**Brief:** Your answer must be the exact lines from the one holding "Një fenomen gjeologjik" through the last line of the records below, with no pictures.

⁂

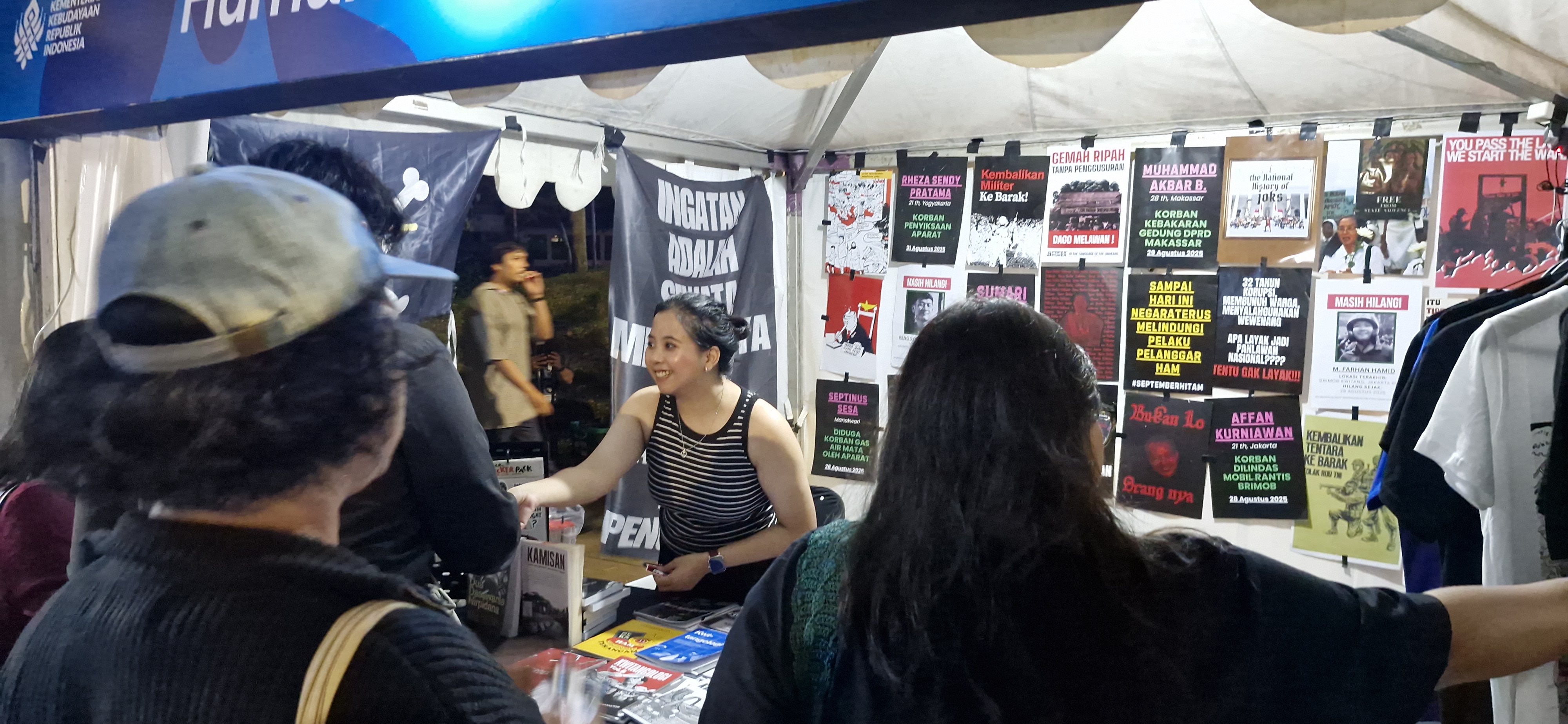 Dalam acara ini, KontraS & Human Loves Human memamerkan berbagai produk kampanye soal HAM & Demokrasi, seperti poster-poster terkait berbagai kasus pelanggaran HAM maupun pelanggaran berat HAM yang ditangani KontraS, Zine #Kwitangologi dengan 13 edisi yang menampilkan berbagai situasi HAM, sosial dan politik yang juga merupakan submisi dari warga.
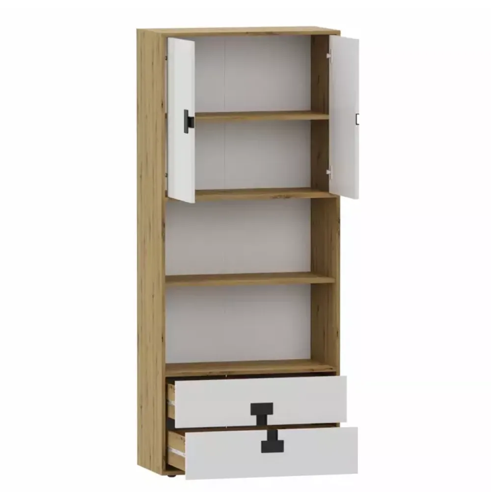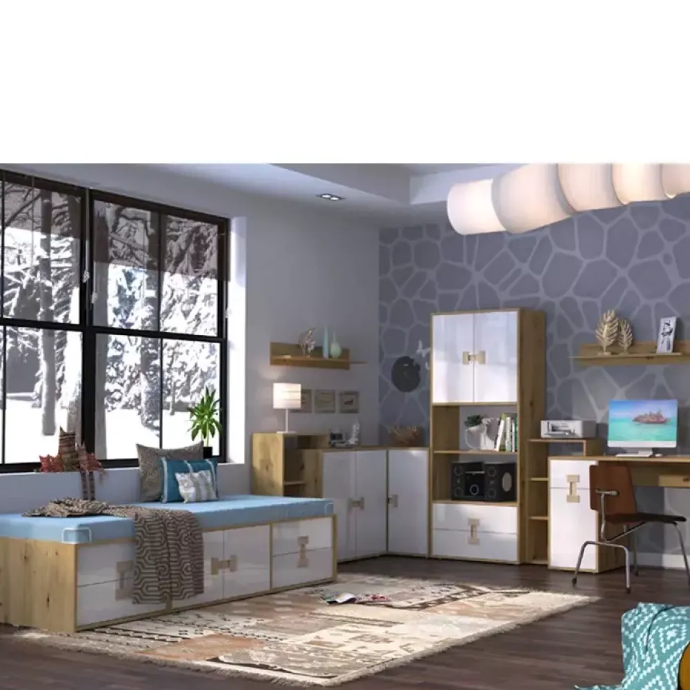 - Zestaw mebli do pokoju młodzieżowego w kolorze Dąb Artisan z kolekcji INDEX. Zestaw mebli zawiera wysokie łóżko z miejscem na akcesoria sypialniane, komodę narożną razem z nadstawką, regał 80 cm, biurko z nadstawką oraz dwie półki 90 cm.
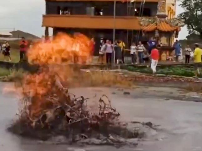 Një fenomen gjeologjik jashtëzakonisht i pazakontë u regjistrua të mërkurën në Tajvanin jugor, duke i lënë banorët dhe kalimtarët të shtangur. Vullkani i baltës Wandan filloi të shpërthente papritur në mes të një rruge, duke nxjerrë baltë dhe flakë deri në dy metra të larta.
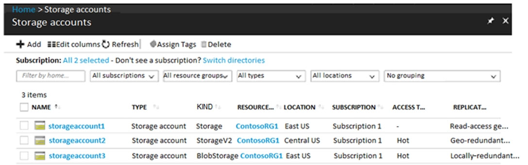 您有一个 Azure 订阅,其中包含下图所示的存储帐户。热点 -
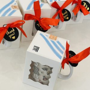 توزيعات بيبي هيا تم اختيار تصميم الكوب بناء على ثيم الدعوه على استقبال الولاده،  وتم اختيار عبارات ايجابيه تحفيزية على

⁂

**Finished task:**
 Një fenomen gjeologjik jashtëzakonisht i pazakontë u regjistrua të mërkurën në Tajvanin jugor, duke i lënë banorët dhe kalimtarët të shtangur. Vullkani i baltës Wandan filloi të shpërthente papritur në mes të një rruge, duke nxjerrë baltë dhe flakë deri në dy metra të larta.
 您有一个 Azure 订阅,其中包含下图所示的存储帐户。热点 -
 توزيعات بيبي هيا تم اختيار تصميم الكوب بناء على ثيم الدعوه على استقبال الولاده،  وتم اختيار عبارات ايجابيه تحفيزية على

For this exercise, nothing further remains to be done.